I was in a taxi with two of my colleagues on my way to grab some lunch the other day when one of them, after a heated conversation on the phone, exclaimed, “I hate people with egos!” It is at such times that I feel we use the English language too loosely, that words loose their true meaning, that we say things we do not mean and mean things that we do not say. I pointed out to her that it is people with ego issues that are a problem, not people with egos as such.

And that precisely is my whole point here. What is unlikeable is the fact that people think that concern for oneself and one’s betterment must necessarily involve pulling another person down; that there is only room for one person in this world. Completely untrue. I believe it is possible to better yourself without hurting other people – whether in a materialistic or emotional sense. In fact it is necessary that it be so. If the sole purpose of one man’s progress is another man’s destruction then mankind would have become extinct long ago and I wouldn’t be writing this. However, interdependence works only when each of us recognises the importance of independence.

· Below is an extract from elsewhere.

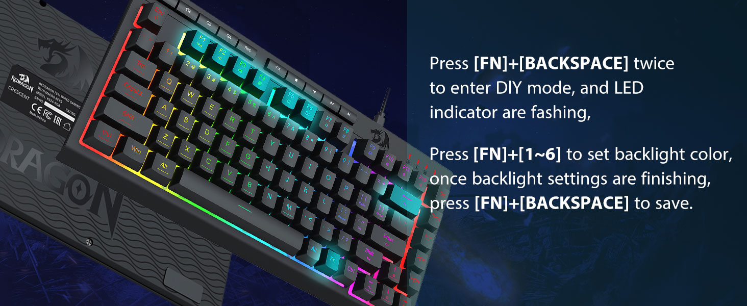True RGB バックライト -フルダイナミック RGB バックライトにより、想像力だけで無限の照明の可能性が可能になります。キーボードには 8 つのプリセット照明モードと、カスタマイズ可能なモード用の追加の 6 つのスロットが付属しています。このボードでは、非常に明るいものから照明が必要ない場合は完全に消灯するものまで、明るさを制御することもできます。

I know I sound extremely Rand-ian here, but I think she has a point. Men must interact as traders. We must respect each others ego. And such comments as the one made in the taxi serve only to irk me not only because of improper use of knowledge but also because most people just don’t realise what they are saying; that they tare being hypocrites when they make statements like that without qualifying them.

Monday, 4 June 2007

Ramblings of a Bored Mind!

I sit and talk meaningless inanities all day. The wait is endless... oh for that one moment that shall give purpose to an otherwise purposeless day in office.
I admire workaholic people for their devotion to their task. However, when it eats into my time - keeping me jobless for a large part of my working day and then insisting that I stay back - I want to holler! I wait and I wait and I wait some more for my boss to get free. He just doesn't seem to. My mind wanders in a very mundane direction. I grow increasingly grubby and with it cranky. How indispensible can a man be?
There is an old recitation - oft quoted in my school assembly - about the measure of an indispensible man. And I am sure if my boss were to put his hands into that bucket of water, the result would be pretty much the same. So why then can he not finish briefing me before taking up meeting for hourso n steel racks? I assure you briefing me is a smalled task - just about 15 min.
I have finished chatting with all the people I can and I write this post in utter frustration, in a last ditch attempt to evade the boredom that threatens to envelope me and transform my good mood of days into one of grumpy sourness. I look forward to chicken soup which I shall buy if my energy sustains me - 2 dry rotis and vegetables that a sick man wouldn't eat are not sustenance enough for me. I ramble on in utter joblessness and maybe I should stop before I stop making sense all together.